YOUR GOAL:
Restate the data below word for word. Leave the images out.

RECORDED INFORMATION:
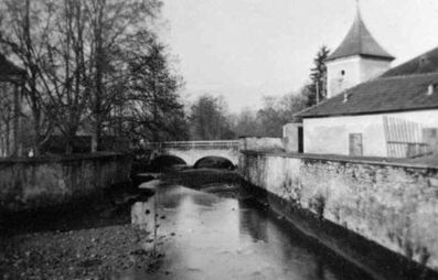 ca. 1931 Heiligenkreuz, Brücke über den Sattelbach.
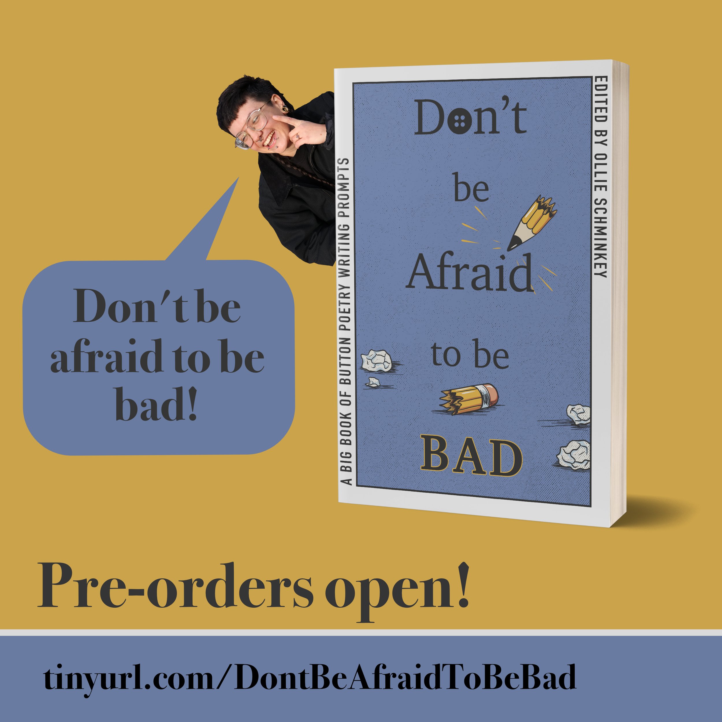 Speaking of that book, Don’t Be Afraid to Be Bad is open for pre-orders! This book includes a poem from almost every Button Poetry author reprinted, followed by a prompt inspired by that poem (yes, that means I’ve read the entire Button catalog). It would mean a lot to me if you pre-ordered it, and I hope you have a lot of fun writing alongside it!
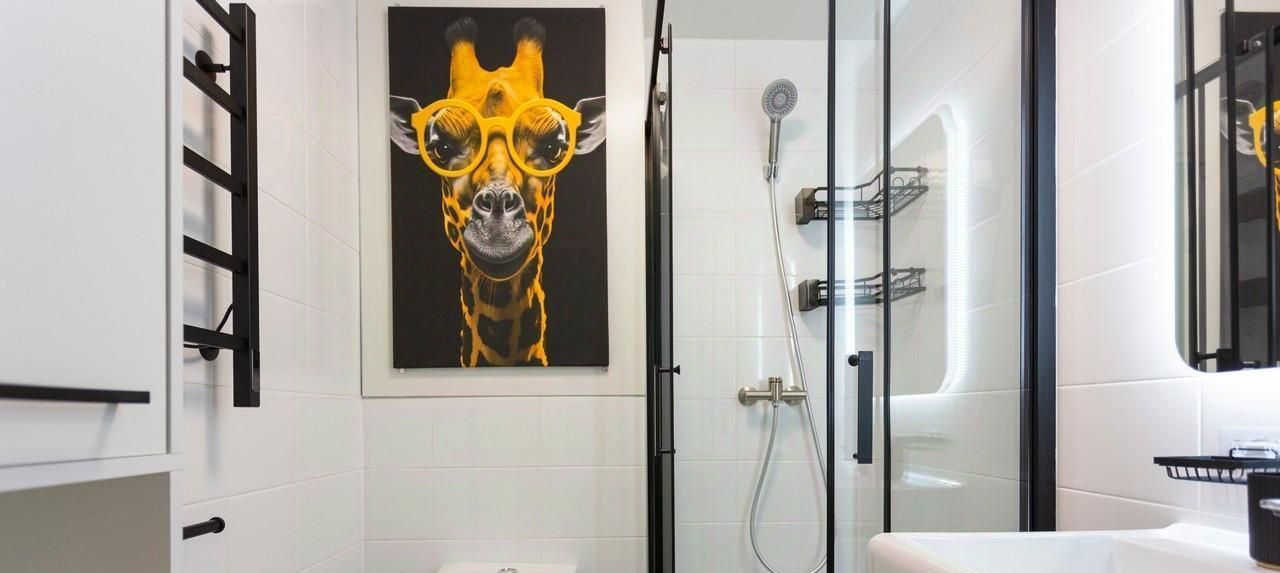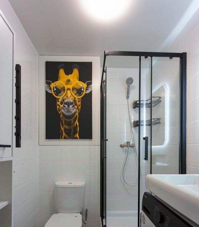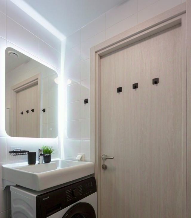 - Санузел: Душевая кабина, стиральная машина, зеркало с подсветкой. Есть шкафчик для хранения принадлежностей.
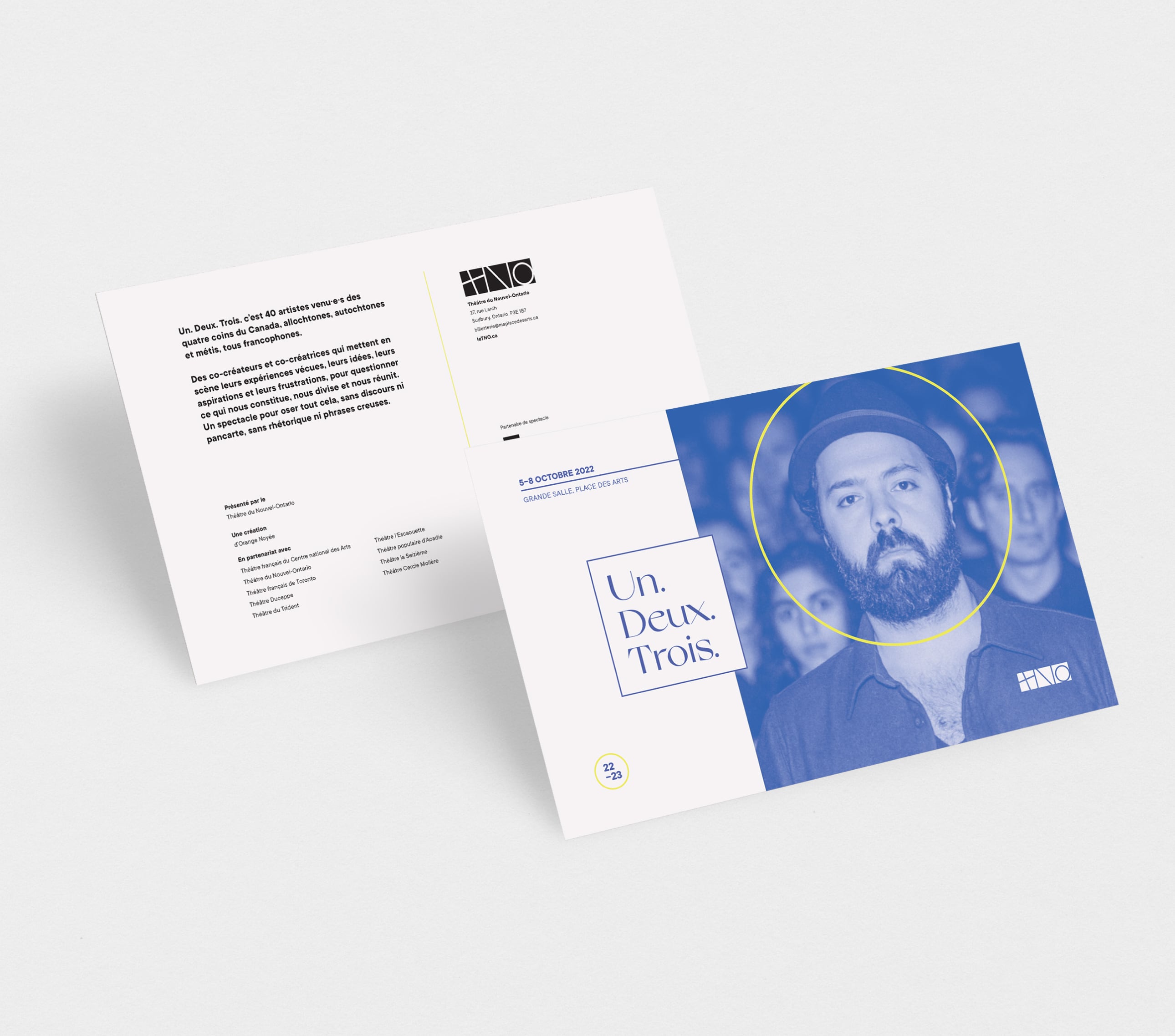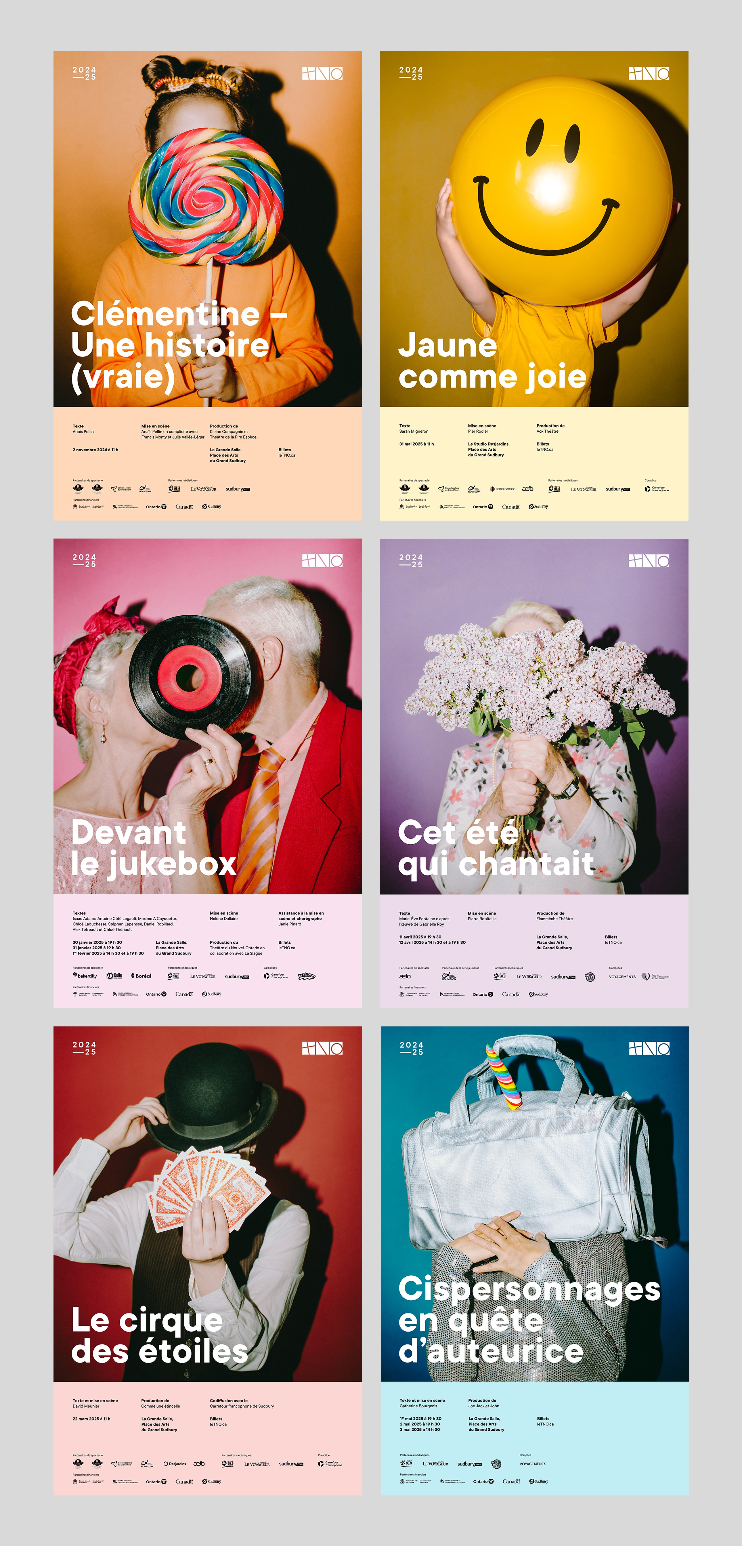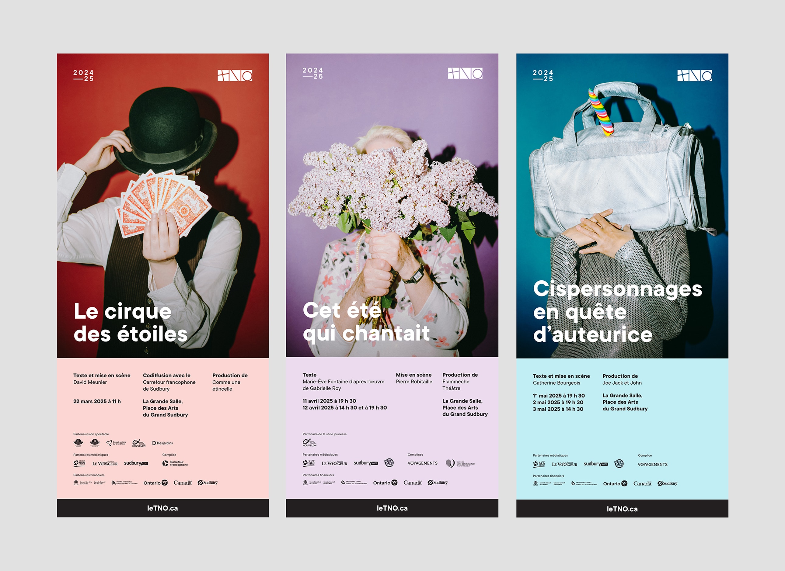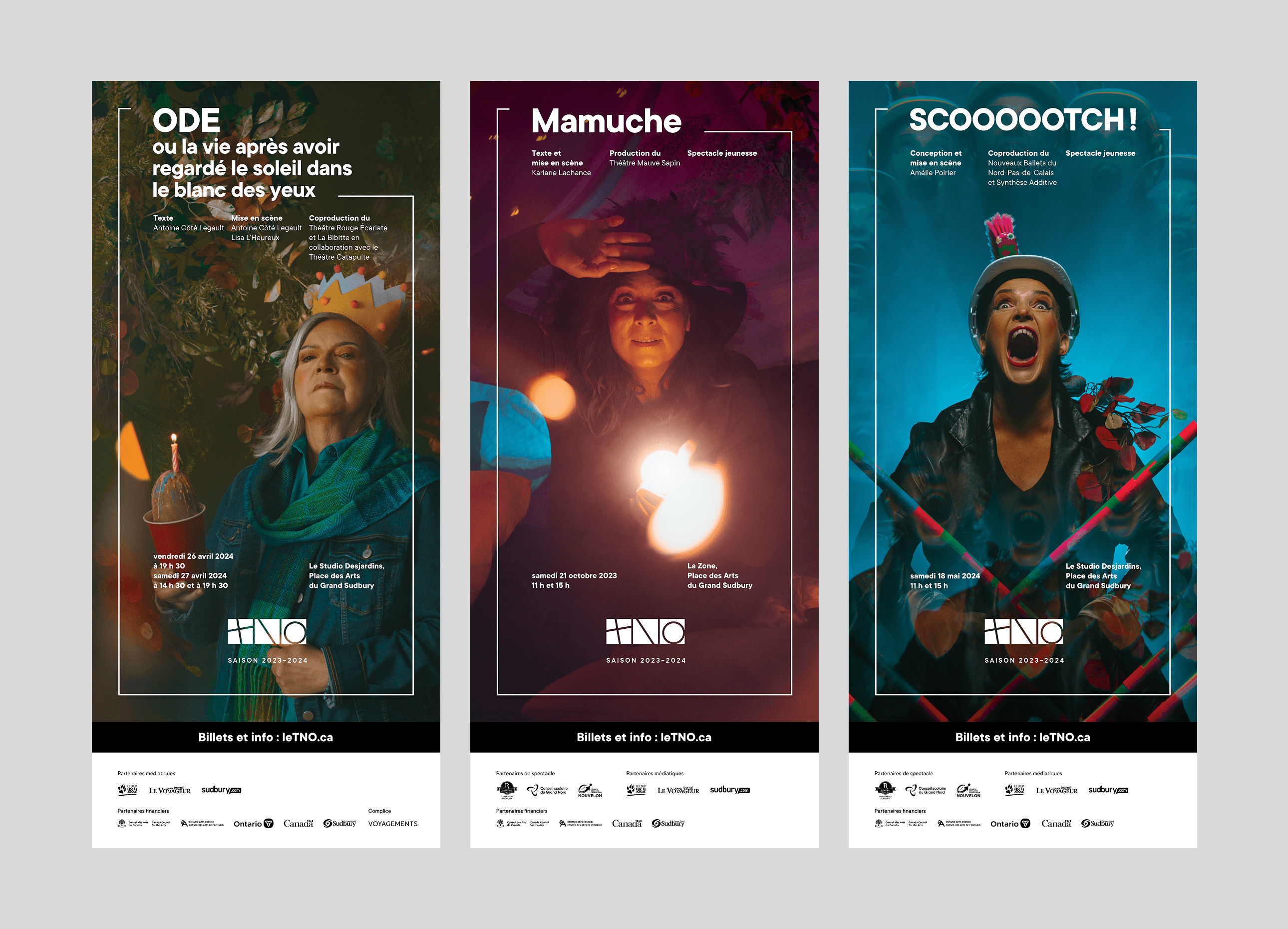 TNO's goal is to contribute to the development of theatre in Canada. As agency of record and season partner since 2018, Studio123 develops the creative direction for all visual communications to promote their programming. TNO has always allowed us to flex our creativity and push a strong direction leveraging various media like photography, animation, colour theory, type, bricolage, and more. We continue to collaborate closely to provide a bold creative voice to promote their programming year after year.

RESPONSE AREA:
 ca. 1931 Heiligenkreuz, Brücke über den Sattelbach.
 Speaking of that book, Don’t Be Afraid to Be Bad is open for pre-orders! This book includes a poem from almost every Button Poetry author reprinted, followed by a prompt inspired by that poem (yes, that means I’ve read the entire Button catalog). It would mean a lot to me if you pre-ordered it, and I hope you have a lot of fun writing alongside it!
 - Санузел: Душевая кабина, стиральная машина, зеркало с подсветкой. Есть шкафчик для хранения принадлежностей.
 TNO's goal is to contribute to the development of theatre in Canada. As agency of record and season partner since 2018, Studio123 develops the creative direction for all visual communications to promote their programming. TNO has always allowed us to flex our creativity and push a strong direction leveraging various media like photography, animation, colour theory, type, bricolage, and more. We continue to collaborate closely to provide a bold creative voice to promote their programming year after year.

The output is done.